1. Intervention is not subrogation and is not waived by either the MSA or the Liberty Mutual Policy

In response to the plaintiffs' motion, Liberty Mutual does not dispute the workers' compensation policy at issue contains a wavier of subrogation provision. However, Liberty Mutual argues it has an independent statutory right - arising under Louisiana worker's compensation law, La. Rev. Stat. §23:1101(B) - to recover the amounts it has paid. Liberty Mutual argues the waiver provision contained in the Liberty Mutual policy does not waive this independent statutory right under which Liberty Mutual is entitled to recover workers compensation payments it has already paid.

La. Rev. Stat. 23:1101(B) states:

B. Any person having paid or having become obligated to pay compensation under the provisions of this Chapter may bring suit in district court against such third person to recover any amount which he has paid or becomes obligated to pay as compensation to such employee or his dependents. The recovery allowed herein shall be identical in percentage to the recovery of the employee or his dependents against the third person, and where the recovery of the employee is decreased as a result of comparative negligence, the recovery of the person who has paid compensation or has become obligated to pay compensation shall be reduced by the same percentage. The amount of any credit due the employer may be set in the judgment of the district court if agreed to by the parties; otherwise, it will be determined pursuant to the provisions of R.S. 23:1102(A).
La. Rev. Stat. §23:1101 (West 2011).

Liberty Mutual cites Sandbom v. BASF Wyandotte, Corp., 674 So.2d 349 (La. App. 1st Cir. 1996) in support of its argument. However, this Court's interpretation of Sandbom is that the case stands only for the proposition that an insurer can waive its right to subrogation, if such waiver is expressly stated in a contract or policy, to wit:

An employer may contractually waive the employer's right to reimbursement of compensation benefits paid an employee. Additionally, the insurance carrier may waive such rights in its policy of insurance with the employer, or by separate agreement with the third party. However, absent a specific waiver by the carrier, the carrier remains entitled to reimbursement for compensation benefits paid. No evidence was presented that Aetna waived its right of reimbursement in either its policy of insurance or by separate agreement. It is consequently entitled to reimbursement for the benefits paid.
674 So.2d at 363 (emphasis added). Thus, this Court does not read Sandbom to hold that, despite an express waiver of subrogation contained in either a contract or an insurance policy, there exists a separate and independent statutory right to reimbursement that contravenes the expression of waiver in the agreement or policy. Indeed, in Sandbom, the court stated
The right of a workers' compensation insurer to bring suit against a third party to recover compensation benefits which the insurer has paid on behalf of the injured employee is likewise limited to cases where the injury creates a legal liability in a third person tortfeasor to pay damages.
An employer may contractually waive the employer's right to reimbursement of compensation benefits paid an employee. Additionally, the insurance carrier may waive such rights in its policy of insurance with the employer, or by separate agreement with the third party.
Sandbom, 674 So.2d at 362-63 (emphasis added) (internal citations omitted).

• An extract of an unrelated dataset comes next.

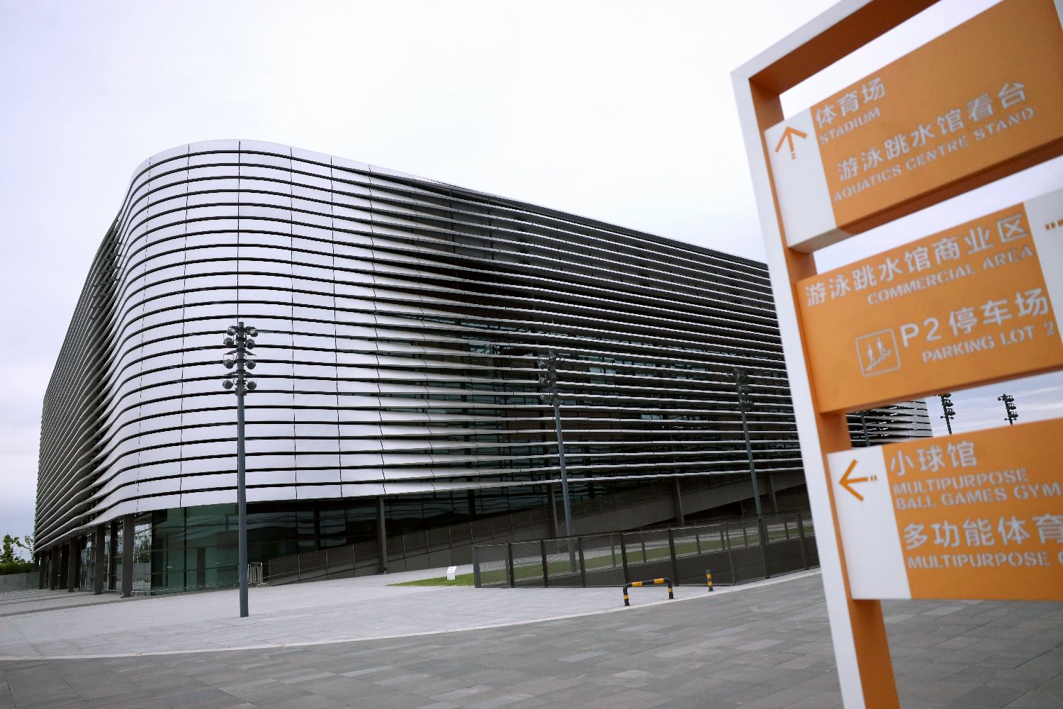 4月23日拍摄的成都东安湖体育公园小球馆外景,赛时将作为体操项目的训练场馆使用。(日本头条郑闻摄)

In the instant case, Liberty Mutual's policy contains an express waiver of its right to reimbursement. This waiver is applicable and has not been limited in any way. Considering the foregoing, this argument does not defeat the plaintiffs' motion for summary judgment.

2. Liberty Mutual argues the waiver of subrogation contained in the MSA between OES and McMoran is null and void under the Louisiana Oilfield Indemnification Act

Liberty Mutual argues the waiver of subrogation contained in the MSA between OES and McMoran violates the Louisiana Oilfield Indemnification Act ("LOIA") because it contains a waiver of subrogation provision which is expressly void and unenforceable under the LOIA.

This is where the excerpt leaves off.